Australia's economy has plunged into its first recession in nearly 30 years. Federal Treasurer Josh Frydenberg announced that gross domestic product (GDP) shrank 7% in the April-to-June quarter compared to the previous three months.
This is the biggest fall since records began back in 1959 and comes after a fall of 0.3% in the first quarter of 2020.
But what exactly is a recession?
THE DEFINITION
A recession is a period of 'economic decline', being two consecutive quarters (six months) of negative growth.
Other recession indicators include rising unemployment, falling retail sales, slowed manufacturing growth, and a decline in real personal income.
Australia was lucky to escape recession in the 2008 global financial crisis. In fact, the Australian economy was the only major economy to avoid a recession during that time - mainly due to demand from China for natural resources.

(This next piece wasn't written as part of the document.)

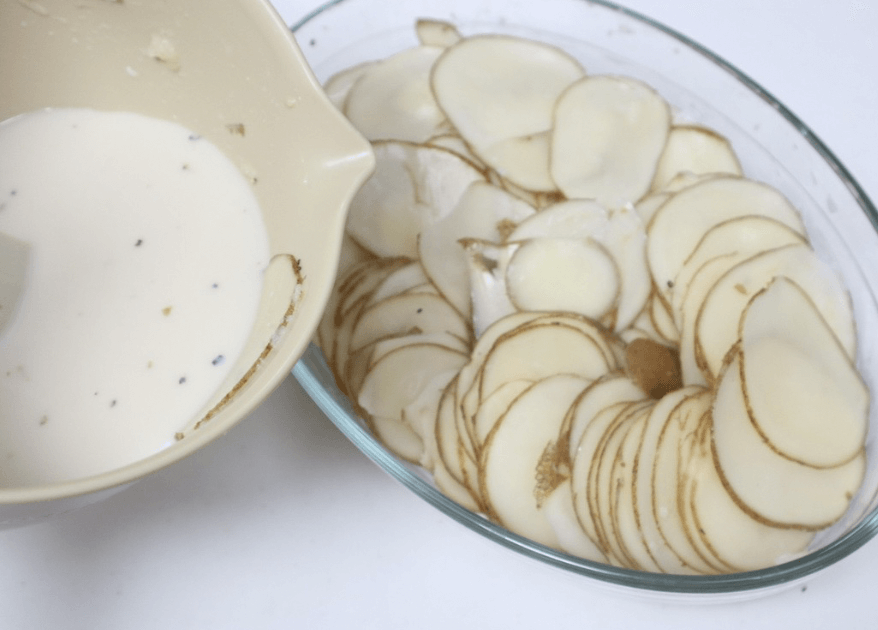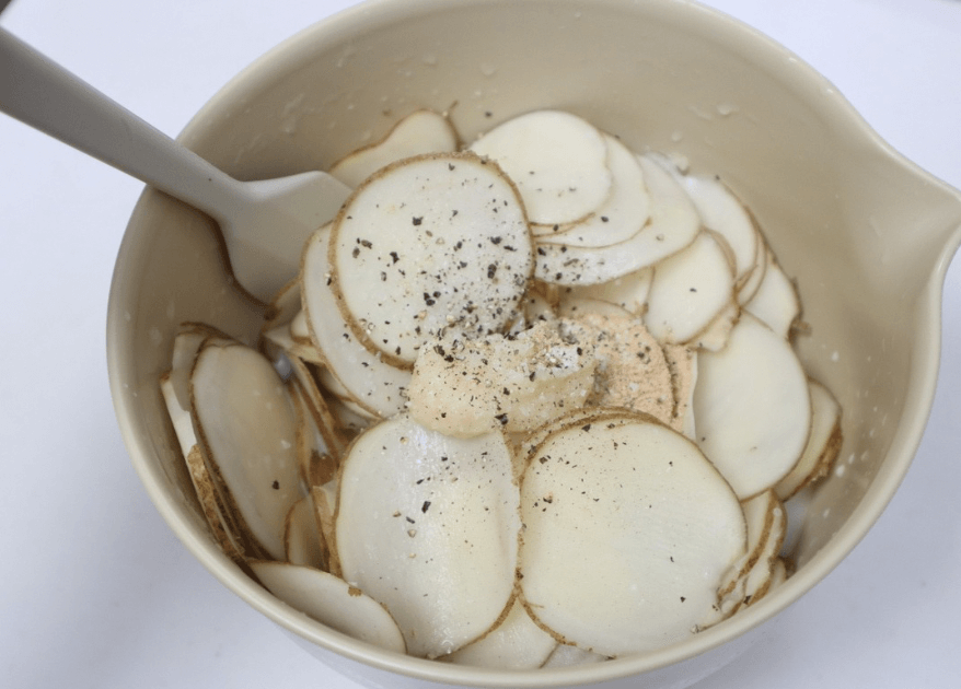 次に、耐熱容器にスライスしたじゃがいもを並べて入れ、ボウルに残った調味料もじゃがいもにかけます。

WHAT CAN I EXPECT DURING A RECESSION?
Even though the unemployment rate is hovering aroud 10%, we can expect that to rise in the coming months. During the last recession in 1992, the unemployment rate peaked at 11.2%. We're expected to top that this year.
We'll also experience slower wage growth than what we are used to. Whilst the JobKeeper scheme is substanially assisting employers until March 28 2021, wage growth over the next 12 months is expected to stall.